Chaos Engineering: Efficient Way to Improve System Availability
Resilience is a crucial requirement for ShardingSphere-Proxy, an essential database infrastructure. Testing and verifying resilience can be efficiently achieved through the use of chaos engineering methodology. To support customized chaos engineering, the ShardingSphere-on-Cloud project is designing and implementing a new CustomResourceDefinition (CRD) called Chaos. This post provides a practical description of CRD’s concept and features, helping the community better understand its potential benefits.
What is chaos engineering
System availability is a critical metric for evaluating service reliability. Numerous methods can ensure high availability, including engineering resilience and techniques, and others. One such technique is chaos engineering, which involves introducing software faults into production systems to enhance availability.
According to Principles of Chaos (2019), the definition of chaos engineering is:
“Chaos Engineering is the discipline of experimenting on a system to build confidence in the system’s capability to withstand turbulent conditions in production.”
In other words, chaos engineering is a practice that aims to enhance system robustness by detecting potential weaknesses in software systems early, ultimately preventing major disruptions or failures.
Why is chaos engineering needed
The complexity of a system can be shown in a linear and nonlinear way as well as reflect how changes in the input of a system affect the output.
A linear system is typically predictable. There are many examples of linear systems in nature, such as simple mathematical functions and physical definitions.
In contrast, the output of a nonlinear system cannot be accurately calculated. In a large distributed program, components interact with each other, and we cannot determine if expected output can be achieved under various inputs.
Currently, most programs are increasingly complex. In common cloud environments, coordinating various components is becoming more challenging (such as Kubernetes, along with the services running on it, like Istio, Envoy, and other software infrastructure).

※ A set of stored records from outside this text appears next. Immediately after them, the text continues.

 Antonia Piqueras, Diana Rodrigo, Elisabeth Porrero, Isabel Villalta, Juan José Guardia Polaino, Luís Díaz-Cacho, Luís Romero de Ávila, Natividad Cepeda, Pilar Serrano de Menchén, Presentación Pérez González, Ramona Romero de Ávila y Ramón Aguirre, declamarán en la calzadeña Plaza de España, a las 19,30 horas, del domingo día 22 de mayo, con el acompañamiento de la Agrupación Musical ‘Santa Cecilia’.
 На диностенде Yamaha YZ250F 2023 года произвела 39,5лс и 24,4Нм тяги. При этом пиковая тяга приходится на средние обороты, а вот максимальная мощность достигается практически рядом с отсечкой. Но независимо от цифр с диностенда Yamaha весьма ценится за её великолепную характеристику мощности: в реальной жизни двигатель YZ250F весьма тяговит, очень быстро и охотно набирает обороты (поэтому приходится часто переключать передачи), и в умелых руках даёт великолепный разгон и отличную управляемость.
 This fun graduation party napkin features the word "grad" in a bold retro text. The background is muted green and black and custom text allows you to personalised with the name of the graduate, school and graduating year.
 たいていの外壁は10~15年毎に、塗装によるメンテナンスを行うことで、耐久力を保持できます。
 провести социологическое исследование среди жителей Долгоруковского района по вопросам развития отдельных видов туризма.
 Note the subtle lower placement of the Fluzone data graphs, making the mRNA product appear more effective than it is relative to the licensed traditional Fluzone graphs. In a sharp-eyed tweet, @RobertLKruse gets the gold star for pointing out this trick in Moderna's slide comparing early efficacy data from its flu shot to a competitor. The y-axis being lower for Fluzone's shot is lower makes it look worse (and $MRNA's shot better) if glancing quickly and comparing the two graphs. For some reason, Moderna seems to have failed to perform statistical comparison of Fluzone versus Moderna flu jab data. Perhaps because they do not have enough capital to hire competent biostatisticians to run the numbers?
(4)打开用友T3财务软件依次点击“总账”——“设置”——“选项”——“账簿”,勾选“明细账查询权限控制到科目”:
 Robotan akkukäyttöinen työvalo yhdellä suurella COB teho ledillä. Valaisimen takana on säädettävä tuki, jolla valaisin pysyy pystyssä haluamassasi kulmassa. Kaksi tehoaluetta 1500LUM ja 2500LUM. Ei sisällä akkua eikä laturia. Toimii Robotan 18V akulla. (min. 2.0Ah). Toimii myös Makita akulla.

The complexity and rapid changes inherent to many systems often lead to developers having a narrow understanding of the overall picture. For example, developers behind a mall system may not familiar with the technical details of the infrastructure they adopted. With increased complexity, any single person’s understanding on the model built by the system may become less accurate. Hence, gaining a complete comprehension of a complex system is not realistic.
Chaos is inherent and describes an unknown state in complex systems. Chaos engineering is used to discover chaos in complex systems, learn the behavior of the system, and develop the ability to respond to failures and restore the system to a steady state.

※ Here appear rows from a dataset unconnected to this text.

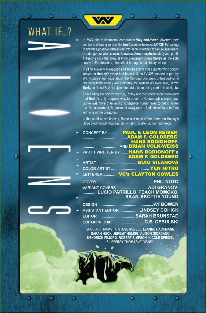 Marvel gives the What If…? treatment to the Alien franchise for the first time this coming week with the release of Aliens: What If…? #1, which asks the question, ‘What If… Carter Burke Had Lived?’. Check out the preview below…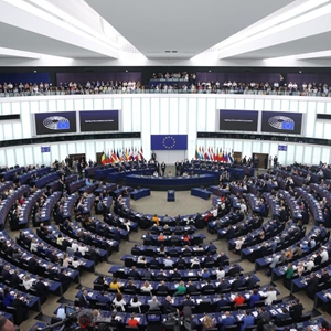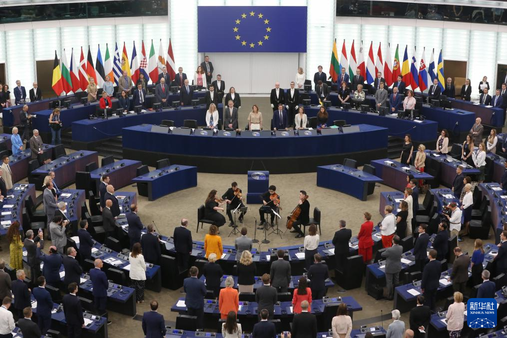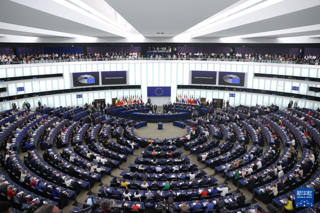 这是7月16日在法国斯特拉斯堡拍摄的新一届欧洲议会第一次全体会议现场。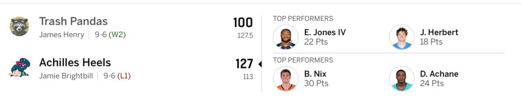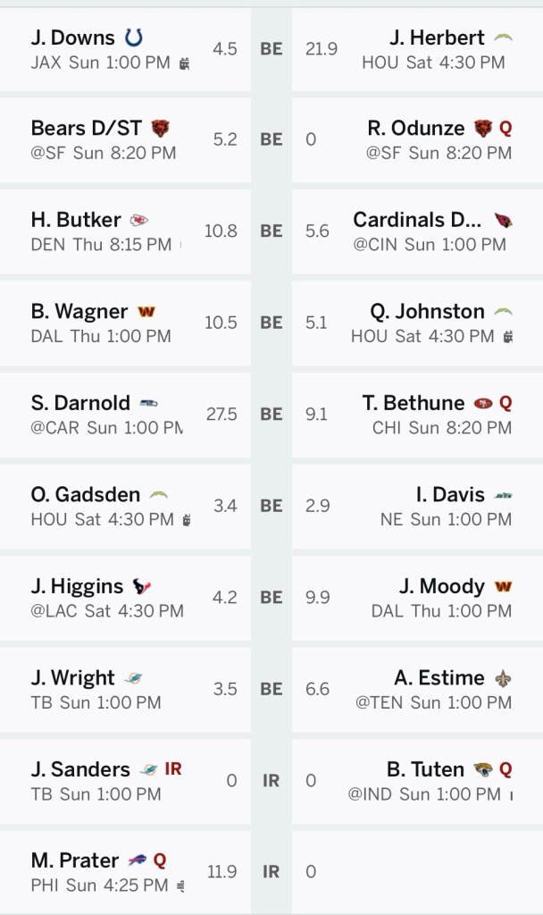 Because I was playing Herbert, and because Rome Odunze was out with an injury, I decided to put Herbert’s Chargers teammate, Quentin Johnston into my lineup and that is what ultimately led me to victory. Johnston put up 22 points and helped me win the WR battle by 7 points.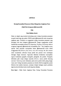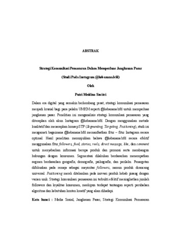 Dalam era digital yang semakin berkembang pesat, strategi komunikasi pemasaran menjadi krusial bagi para pelaku UMKM seperti @kebanana.bfd untuk memperluas jangkauan pasar. Penelitian ini menganalisis strategi komunikasi pemasaran yang diterapkan oleh akun Instagram @kebanana.bfd. Dengan menggunakan metode kualitatif dan menerapkan konsep STP (Segmenting, Targeting, Positioning), studi ini mengamati bagaimana @kebanana.bfd memanfaatkan fitur – fitur Instagram secara optimal. Hasil penelitian menunjukkan bahwa @kebanana.bfd secara efektif menggunakan fitur followers, feed, stories, reels, direct message, like, dan comment untuk menyebarkan informasi berupa produk dan promosi serta membangun hubungan dengan konsumen. Segmentasi dilakukan berdasarkan menempatkan segmen berdasarkan geografis, demografis, psikografis, dan perilaku. Penargetan difokuskan pada remaja sebagai mayoritas followers, namun produk dirancang universal. Positioning merek ditekankan pada inovasi produk kebab pisang dengan varian unik. Strategi komunikasi pemasaran ini terbukti efektif meningkatkan jumlah followers dan loyalitas konsumen, meskipun terdapat tantangan seperti perubahan algoritma dan kebutuhan konten kreatif yang akan dihadapi. Kata kunci : Media Sosial, Jangkauan Pasar, Strategi Komunikasi Pemasaran In the rapidly evolving digital era, marketing communication strategies have become crucial for MSME players like @kebanana.bfd to expand their market reach. This research analyzes the marketing communication strategies implemented by the Instagram account @kebanana.bfd. Using qualitative methods and applying the STP (Segmenting, Targeting, Positioning) concept, this study observes how @kebanana.bfd optimally utilizes Instagram features. The research results show that @kebanana.bfd effectively uses features such as followers, feed, stories, reels, direct message, like, and comment to disseminate information about products and promotions as well as to build relationships with consumers. Segmentation is carried out by placing segments based on geographic, demographic, psychographic, and behavioral factors. Targeting is focused on teenagers as the majority of followers, and the product is designed to be universal. Brand positioning is emphasized on the innovation of banana kebab products with unique variants. This marketing communication strategy has proven effective in increasing the number of followers and consumer loyalty, despite challenges such as algorithm changes and the need for creative content that will be faced.. Keywords : Social media, market reach, marketing communication strategy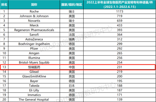 专利是药企最有价值的资产之一,是企业发展的基石,对做原创创新的企业尤为重要。全球专利数据库incoPat创新指数研究中心对2022年1月1日至2022年6月15日公开的全球生物医药产业发明专利申请数量进行统计排名,生物医药产业专利涉及生物技术药、基因工程药物、疫苗、诊断试剂、微生态制剂、血液制品等技术领域。入榜企业/医院主要来自13个国家、组织或地区,罗氏、强生、诺华分别位列前三,DG视讯医药(231件)排名第13位,领跑中国药企。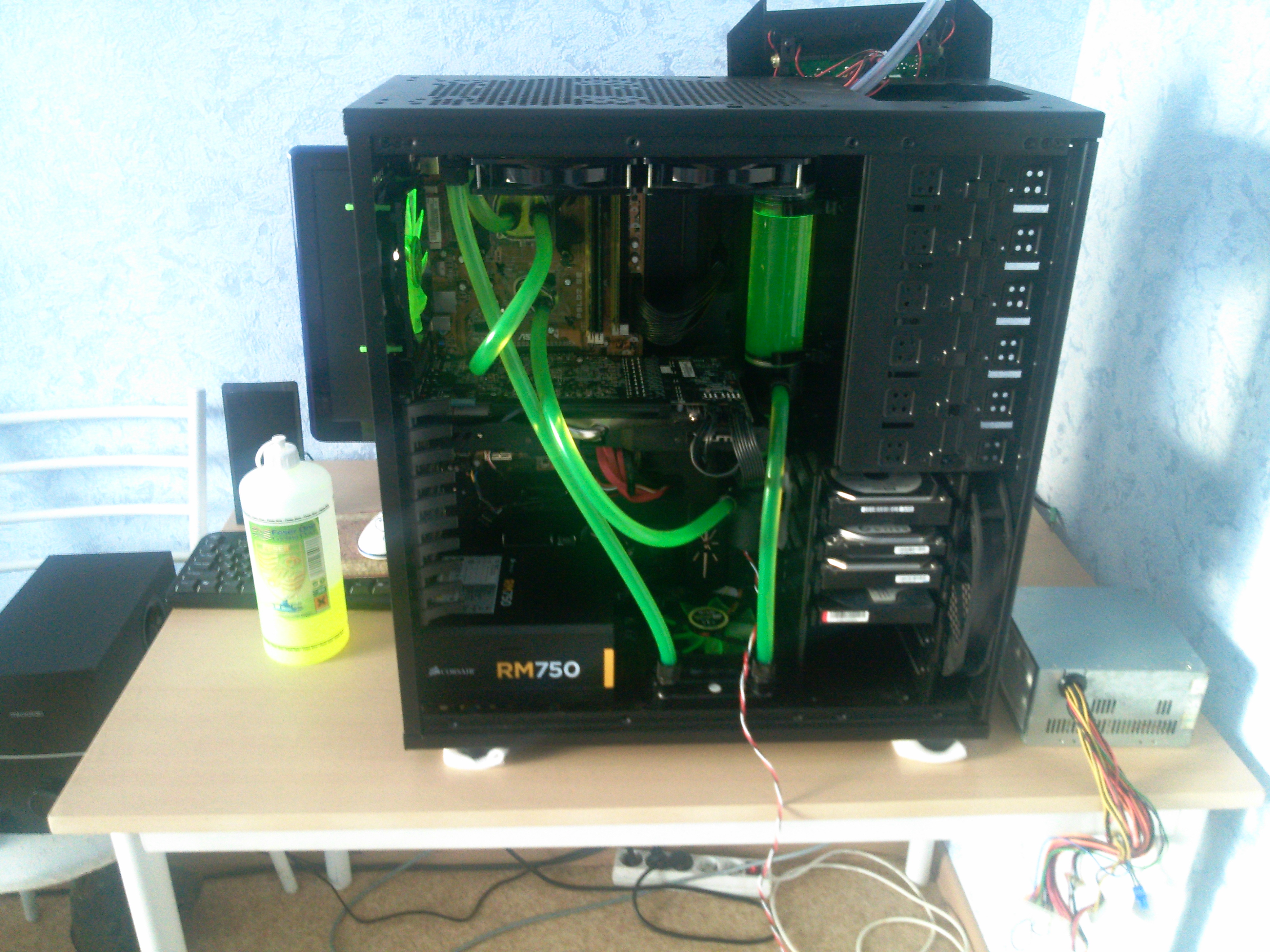 Водоблок будет по-любому. Скорее всего опять китайский А вот по поводу радиатора - раньше он у меня был один, висел на задней стенке, добавил двухсекционник и они не стали умещаться друг с другом, поэтому я его вниз направил. А там у меня тупо шланга не хватило. Но после последней сборки я его добавил в контур. Вот что вышло:

The guidelines and practical ways of chaos engineering
Formulate a hypothesis about steady-state
Every experiment begins with a hypothesis, often taking the form of “even in XYZ circumstances, the system remains in a steady state.” This principle emphasizes the establishment of hypotheses based on defining steady states. Therefore, we should define various indicators of the system’s normal state based on long-term monitoring of the production environment and focus on measurable outputs, rather than internal properties of the system.

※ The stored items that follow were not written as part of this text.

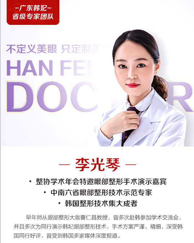 广东韩妃李光琴院长做美眼闻名于世,是华南地区非常有名的美眼口碑王,没有李光琴院长解救不了的眼睛,经过李院之手的美眼,都睁眼有神闭眼无痕,在业界是非常有名的!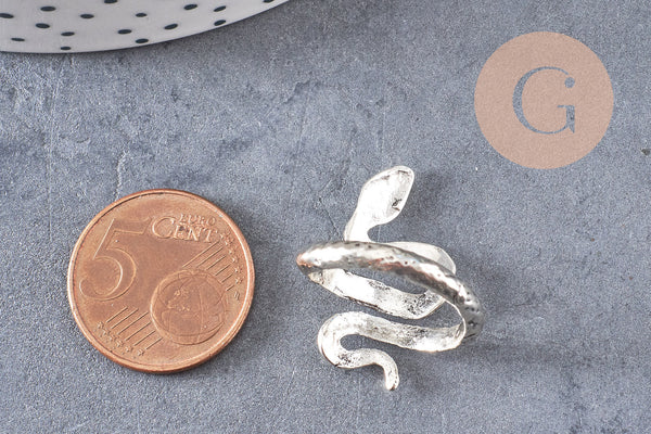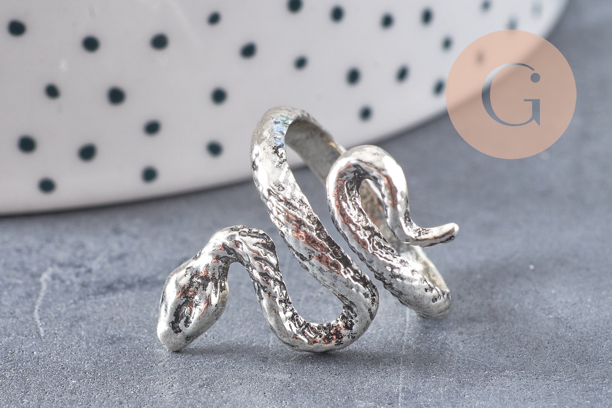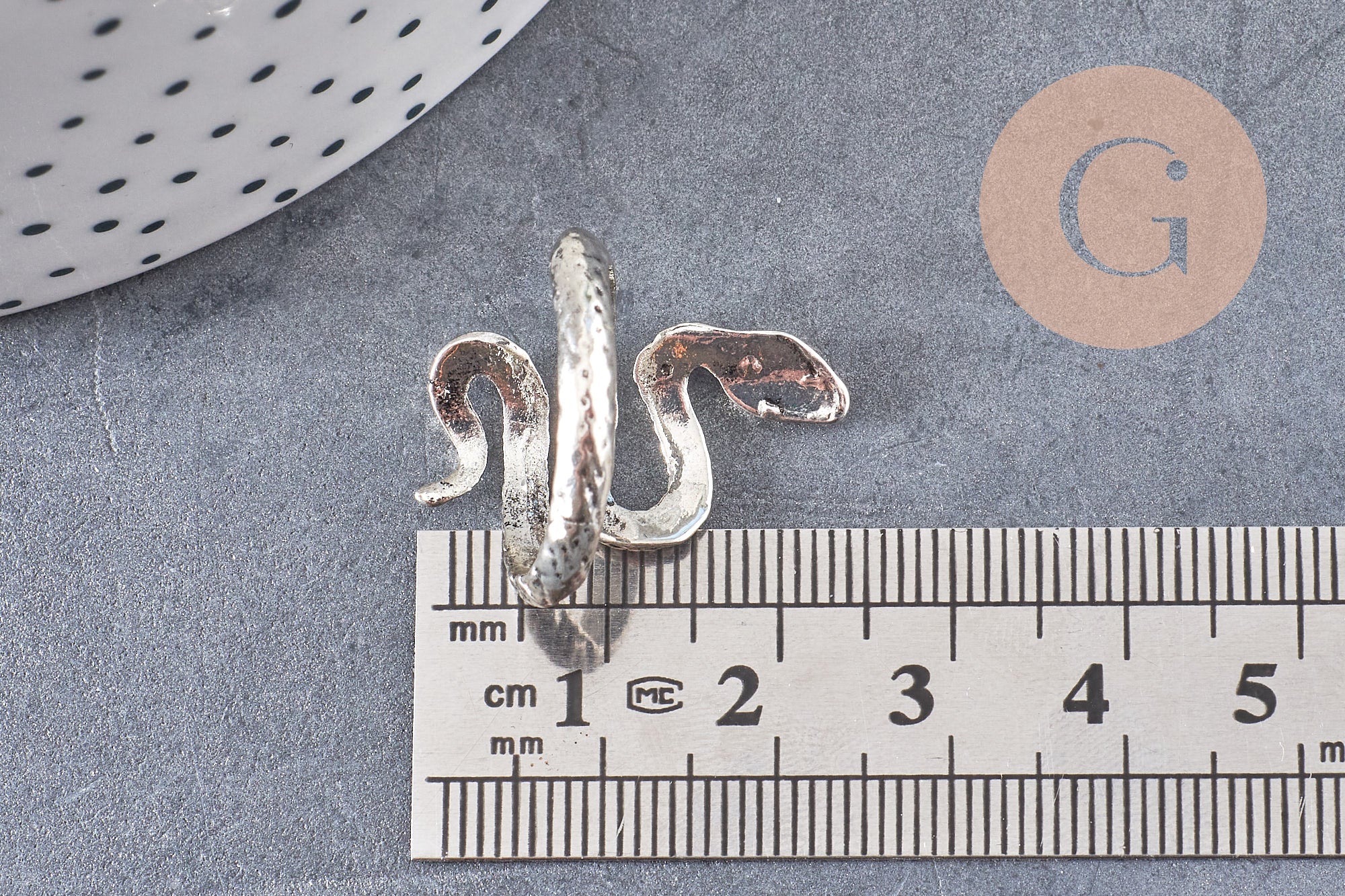 Precioso porta anillos regulable en metal zamac plateado con motivo trabajado en forma de serpiente.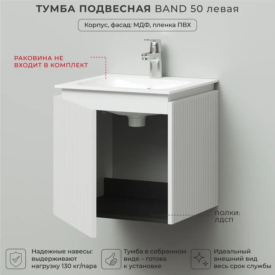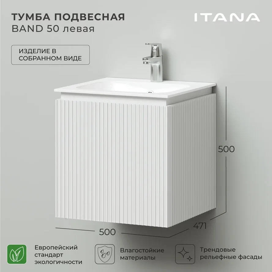 Тумба под раковину Итана BAND 4657828217279 50 см (белый матовый) подвесная L

When identifying a steady state, it’s often essential to consider the global outputs of the system, such as running logs, performance logs, alerts, and program behavior, and abstract them into steady-state conditions. Having introduced experimental variables (faults), these steady-state conditions should change as expected.
When the system is in the steady state we defined, we should consider that the system can provide services normally to the outside world. In addition, monitoring the steady state is also important so that the system can recover to the steady state in a short period of time.
Introducing diverse real-world events
We ought to introduce events that are real and what we care about such as trying to reproduce faults that occurred in the production environment, such as cache avalanche, service degradation, etc.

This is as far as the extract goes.